Synthetics are extremely shear stable compared to conventionals meaning they will maintain there grade better and longer especially under tough conditions.
These trucks will last period as long as the oil is changed but all 4 cyl nissan trucks and 05 and up v6 trucks have timing chains that like to shear oil.
These motors can be tough on oil which is another reason to use synthetics.
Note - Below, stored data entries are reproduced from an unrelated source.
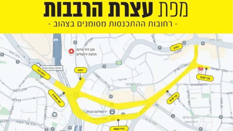 העצרת תתפרס על פני הרחובות בשערי העיר ירושלים, מגשר המיתרים לכיוון הכניסה לעיר עד תחנת הדלק ומשם לאורך רחוב ירמיהו עד רחוב הצבי, ומצידו השני של הגשר לאורך שדרות שז"ר וכן לאורך רחוב יפו עד למקום מפגשם עם רחוב שרי ישראל, ומשם לאורך שרי ישראל עד לרחוב ירמיהו, וכן ברחוב מלכי ישראל עד ברנדס.
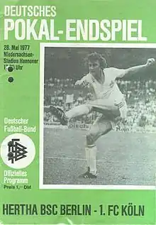 The 1977 DFB-Pokal Final decided the winner of the 1976–77 DFB-Pokal, the 34th season of Germany's knockout football cup competition. The original final was played on 28 May 1977 at the Niedersachsenstadion in Hanover.[2] The match between Hertha BSC and 1. FC Köln finished 1–1 after extra time, requiring a replay two days later. On 30 May 1977, once again at the Niedersachsenstadion in Hanover, 1. FC Köln won the replay 1–0 to claim their 2nd cup title.
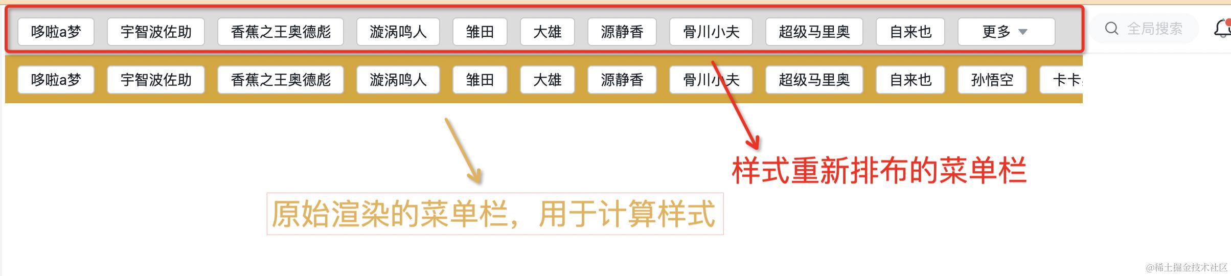所以,我们实际需要渲染两个菜单列:一个原始的,一个样式重新排布后的。
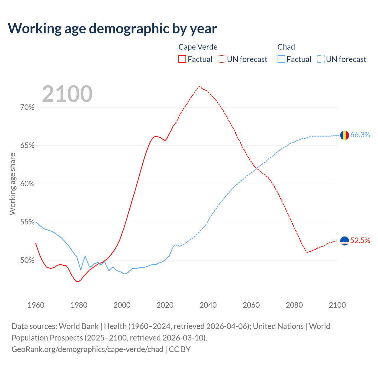 - Cape Verde has 359K working age adults (aged 15-64) vs 11.3M in Chad.

Jerry, how is the amsoil working out so far in the tranny?
Is the shift quality at least as good as the stock fluid was?


----------



## NismoFrontin' (Oct 4, 2005)

I've always used Mobil 1 synthetic since I bought my truck. Outperforms pretty much every oil on the market. Use it in the engine, tranny, and diff. Although, if you're changing it every 5,000 miles, you're just wasting your money. Synthetics are made to last anywhere from 5 to 10,000 miles depending on different conditions. I generally change mine every 6 months as a rule of thumb, even though Mobil recommends every year. Tends to get dark after about 6 months.


----------



## TurboedMSP (Feb 14, 2005)

AGR, I too used to have a 03 MSP and have seen you on the msprotege forums. I have a 2005 pathfinder now and love it but miss my speed too.

Good luck,

Aaron :thumbup: :thumbup:


----------



## mitchell35758 (Oct 21, 2005)

I use it in my 04 Frontier. The stuff works great and if you change your oil every 3,000 miles, it is just as cheap as the other stuff(ALMOST). I run it in my truck for about 12,000-sometimes 15,000 miles. I change my oil filter every 3,000 miles. Here is a website that did a test on Mobile one full syn and its life expectancy. I encourage you to check it out. http://neptune.spacebears.com/cars/stories/mobil1.html

Maybe you all know this already, and I am just lacking. I talked to my service manager the other day and he told me to quit using Fram oil filters. I was complaining of excess engine noise and thought this guy thinks he can trick me into buying sometimes expensive Nissan parts. Well, I decided to give it a shot, just to say that I tried, and to my surprise, it really did cut back on the engine noise. I have know idea why, and I don't think it was all in my head because my wife and a few of my friends said that they noticed a difference too. Whether or not it being true as a all the time thing I don't know. Maybe this was just a coincidence.


----------



## jerryp58 (Jan 6, 2005)

mitchell35758 said:


> Maybe you all know this already, and I am just lacking. I talked to my service manager the other day and he told me to quit using Fram oil filters. I was complaining of excess engine noise and thought this guy thinks he can trick me into buying sometimes expensive Nissan parts. Well, I decided to give it a shot, just to say that I tried, and to my surprise, it really did cut back on the engine noise. I have know idea why, and I don't think it was all in my head because my wife and a few of my friends said that they noticed a difference too. Whether or not it being true as a all the time thing I don't know. Maybe this was just a coincidence.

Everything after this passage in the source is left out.